Old tunnel was a magnet for adventurous kids

Michael Barnes
mbarnes@statesman.com

For decades, children from Hyde Park and Aldridge Place took a secret passage to the Texas State Hospital on Guadalupe Street.

They started in Adams-Hemphill Park, walking along the allée of pecan trees that date back to the park's founding in 1912. Back then, Lewis Hancock — banker, former Austin mayor, Austin Country Club developer and namesake for Hancock Center — donated to the city more than two acres along Hemphill Creek, a western tributary of Waller Creek.

Next, the neighborhood scamps dropped down into the park's stone drainage channel, built in 1934 as a New Deal project and still the park's distinguishing feature.

At the channel's northern terminus, these would-be Tom Sawyers and Becky Thatchers entered a dark passageway.
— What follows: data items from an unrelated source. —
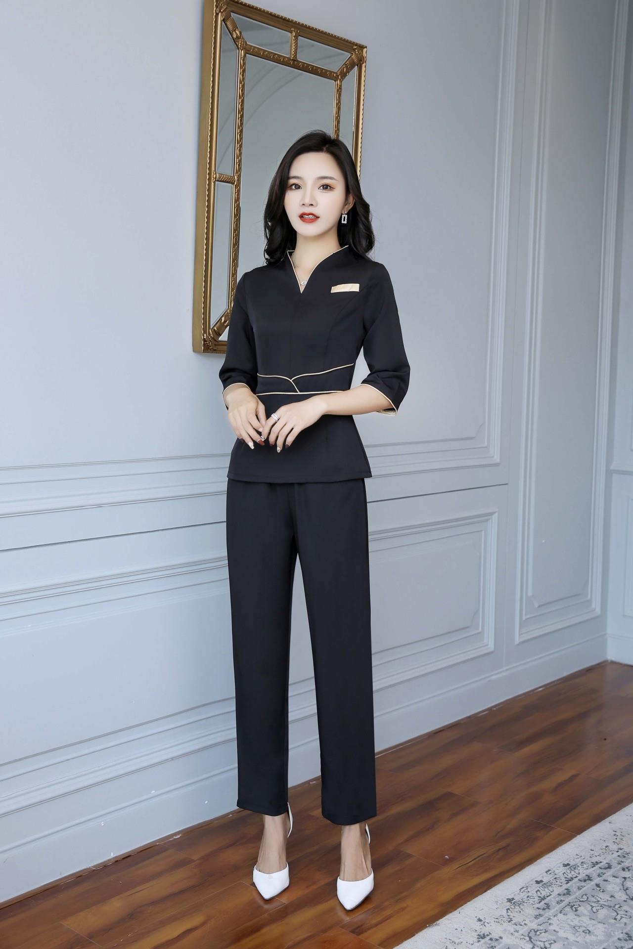 A9092 Pakaian Kerja Salon Kecantikan Model Baru Setelan Elegan Teknisi Mandi Kaki Spa Pusat Kesehatan Gaya Nasional Terlihat Langsing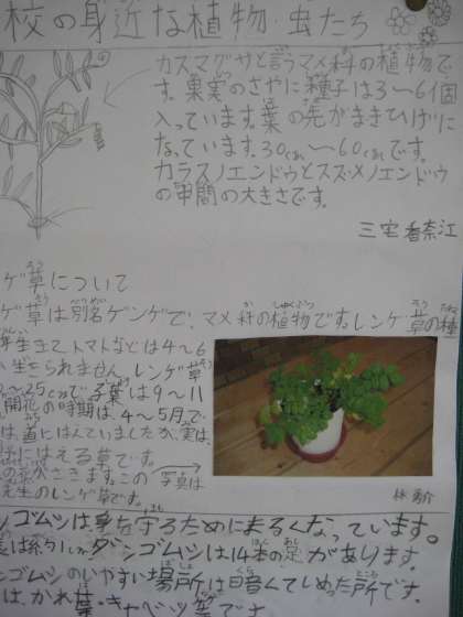 さて,どんな記事が掲載されているのでしょうか・・・池のコイ,飼育小屋のウサギ,校長室のレンゲソウ,校長先生が朝会で紹介されたカスマグサ,そしてダンゴムシ。身の回りの環境から見つけたり,興味をもったりしたことを,それぞれの視点から取材し,記事にしています。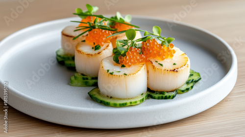 scallop, caviar, cucumber, seafood, seared, plated, epicure, fine dining, roe, starter, elegant, white plate, minimal, closeup, fresh, chives, dill, portion, eatery, culinary, gastronomy, tasting, presentation, texture, golden brown, indulgent, luxury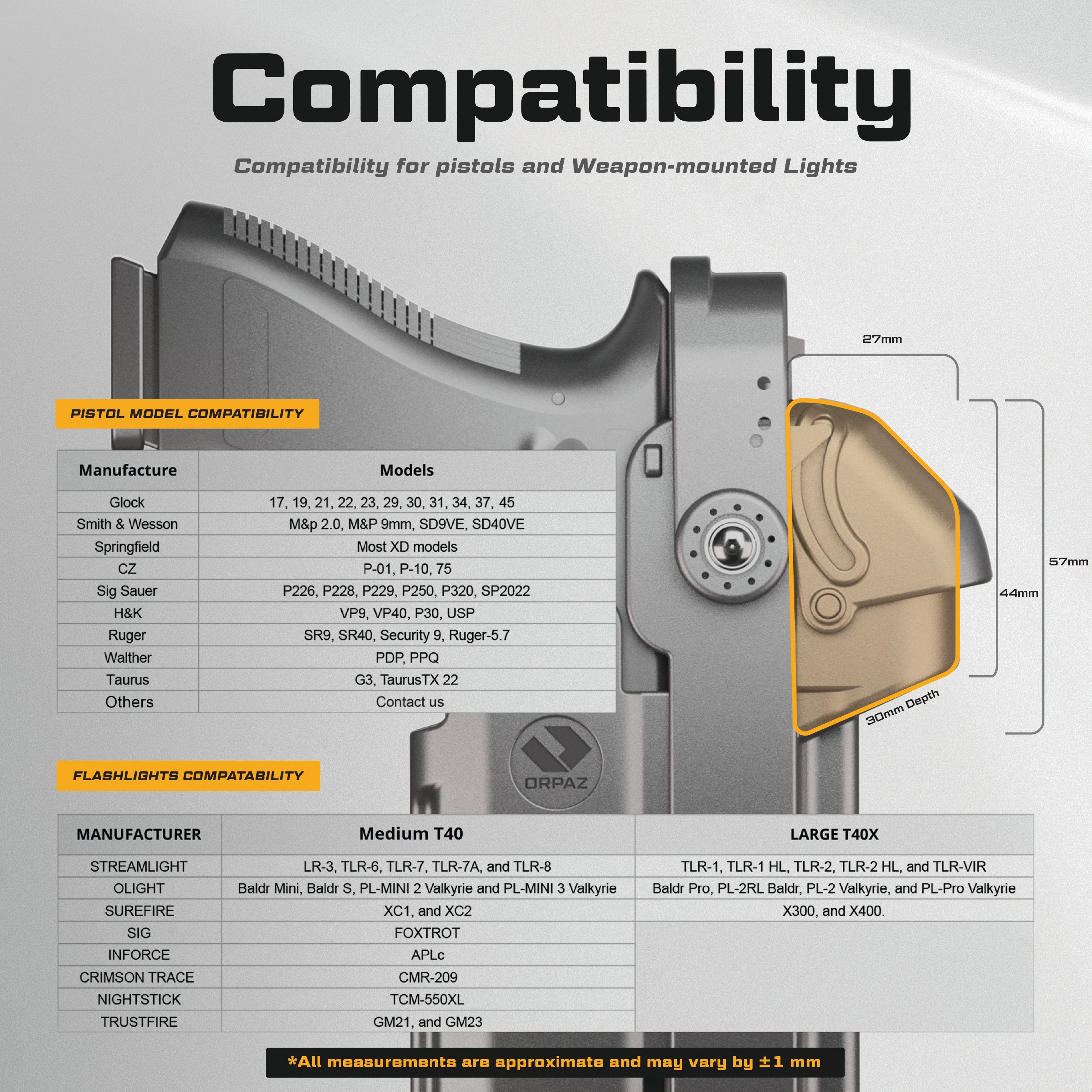 Highlights: Universal Fit for Pistol & Light: Width and height adjustable to accommodate most pistols and tactical lights—T40X fits large lights (TLR-1, X300, PL-Pro, etc.) Check compatibility chart before purchase....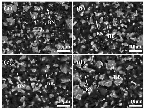 Figure 9 shows backscattered images of TiB2-BN-SiC composite ceramics with four sintering temperatures. As the sintering temperature increases, the size of the white particles in the image gradually increases, and abnormal crystal grains are observed at 1950 °C. The particle size reaches from 5 μm in Figure 9a to 10 μm in Figure 9d, which is caused by overburning at sintering temperatures that are too high. As the content of each component is the same, it is found that the sintering temperature has little effect on the phase distribution of TiB2-BN-SiC composite ceramics.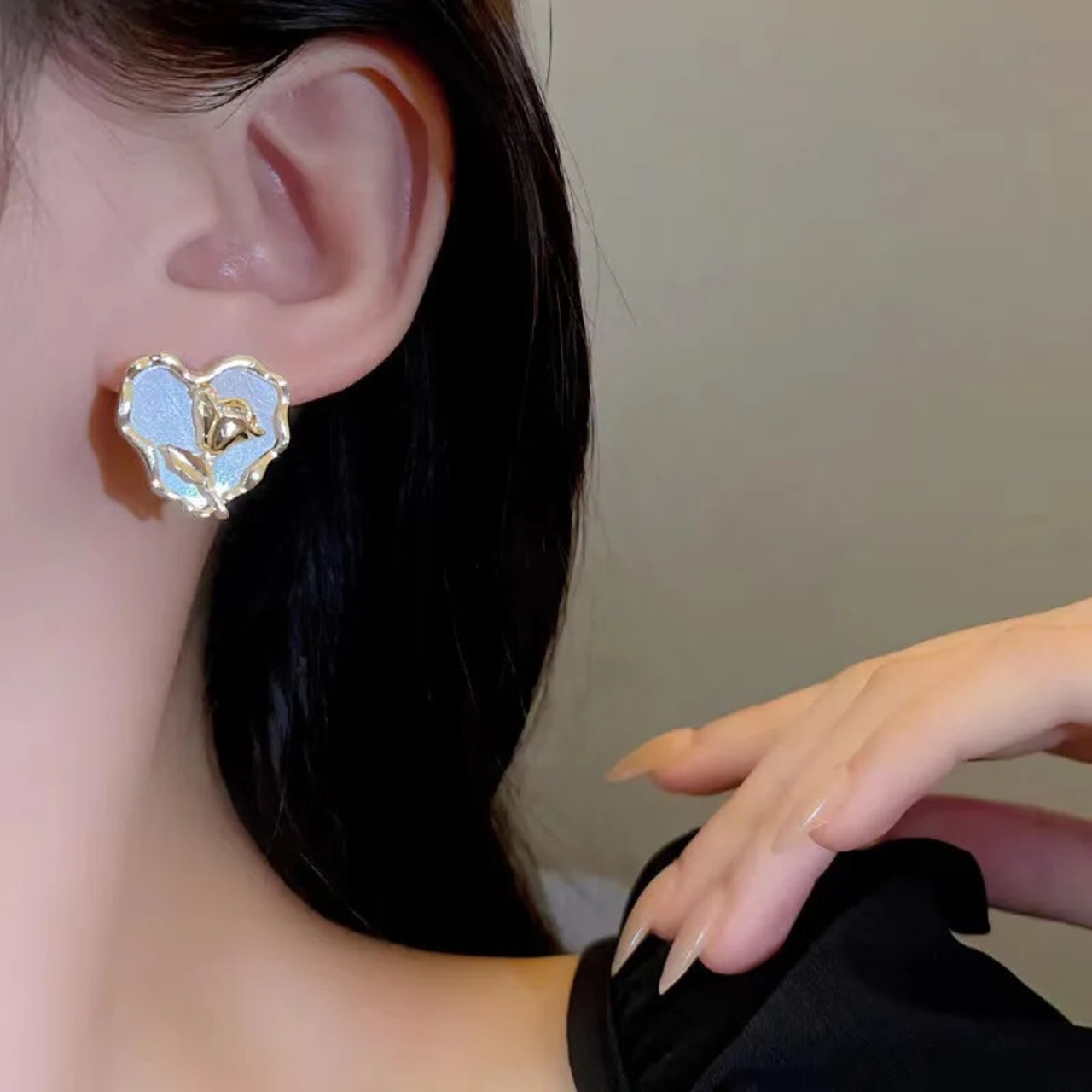 送料無料 不規則なハートチューリップパターンスタッドピアス女性人格気質イヤリングトレンドジュエリーギフト 指輪 AE12776767711372722411

This tunnel, large enough for a creeping child, led to the hospital. Recalling these exploits, some Austin adults remember that the hospital staffers kept treats on hand for kids who made the journey (inadvertantly encouraging these undertakings).

The drain is now gated. Some of the rainwater that would have raced through it — and into the park — now forms ponds in the Central Park project.

Spelunking aside, Adams-Hemphill is one of those ideal little Austin parks. The upper portion (Hemphill) is fine for dog-walking and picnicking above the decorative channel. The lower section (Adams), south of West 30th Street and downhill from the Scottish Rite Dormitory and Kirby Hall, contains sporting areas and a playground.

The first five acres of the Adams part of the park were acquired in 1929. An old stone wall, not unlike the channel and some of the bridges, lines its southern flank. The combined parks now encompass more than 10 acres.